Uzun süredir sana iki satır da olsa mektup yazmadığımı kabul ediyorum. Pes etmek demeyelim de hayatın içinde bir mola yakalayamamak. Seninle dertleşmek arzusuyla ne kadar çok yanıp tutuştuğumu tahmin etmen hiç de zor değil. Böyle düşünmeme rağmen sana olumsuzluklardan değil güzelliklerden bahsetmeliyim. Sık sık söylediklerine göre şiirlerim zaten pek hüzünlüymüş. Bu söze cevaben hayatımızın içinde bu kadar olumsuzluk varken neşeyi yakalamak bir şair ve yazar için zor olsa gerek diyorum.

Karakaşlı kocamla birlikte sonbaharın tatlı büyüsüne bıraktık kendimizi.
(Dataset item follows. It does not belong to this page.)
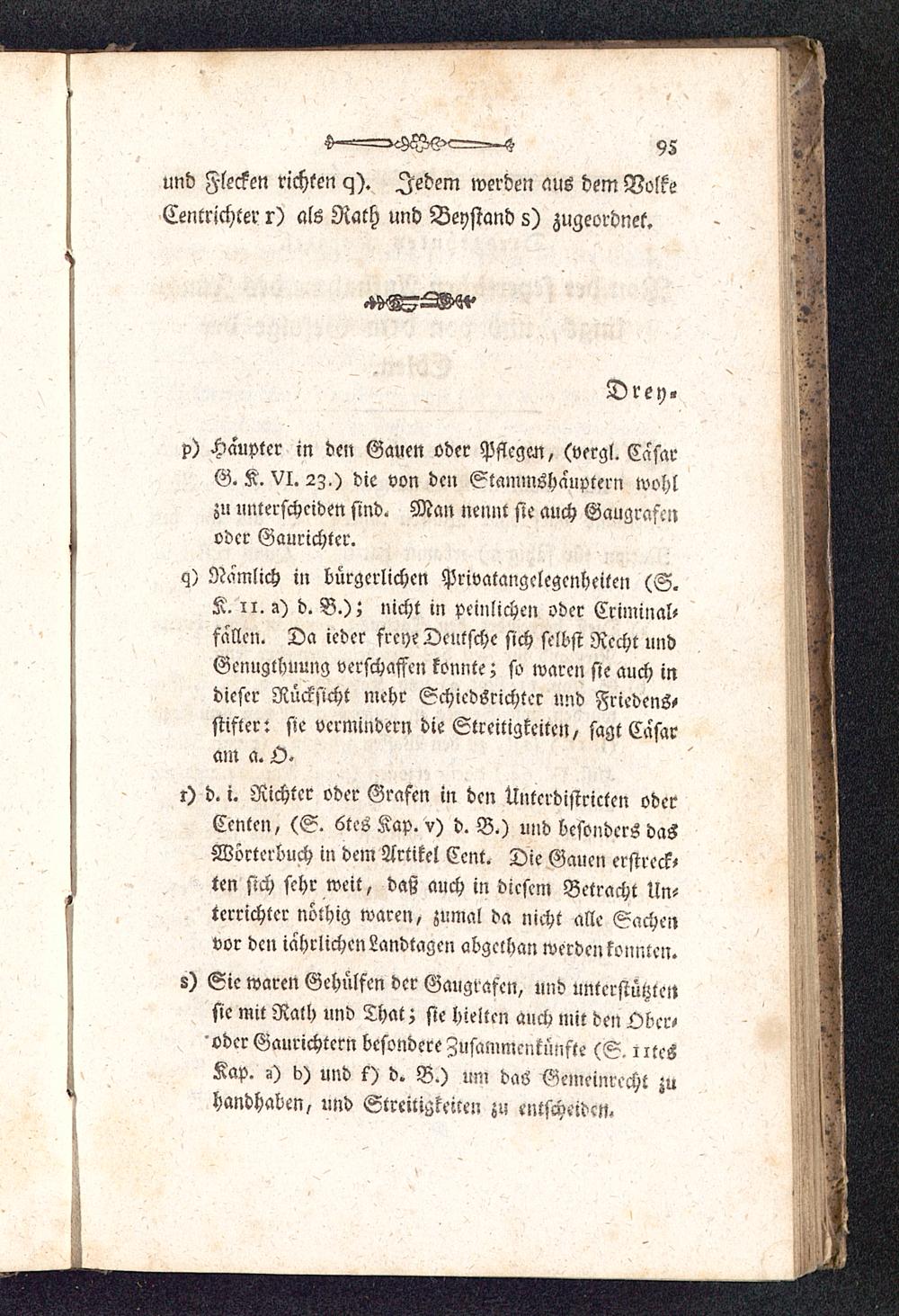 p) Haupter in den Gauen oder Pflegen, (vergl. CäsarG. K. VI. 2Z.) die von den Staminshauptern wohlzu unterscheiden sind. Man nennt sie auch Gaugraftnoder Gaurichter.

Ekim ayında Marmaris'te tatil yapıyor olmak ve şezlonga uzanmışken şemsiyenin arasından güneş süzmelerinin yüzümde tatlı dokunuşlar yaparak köşe kapmaca oynaması beni hayal dünyasında kısa kısa yolculuklara çıkartıyor. Deniz kenarında bulunduğum anlarda dalgaların sesini dinleyerek huzurun yakasından yakalayıp adeta dört elle sarılıyorum hayatın işveli yolculuğuna.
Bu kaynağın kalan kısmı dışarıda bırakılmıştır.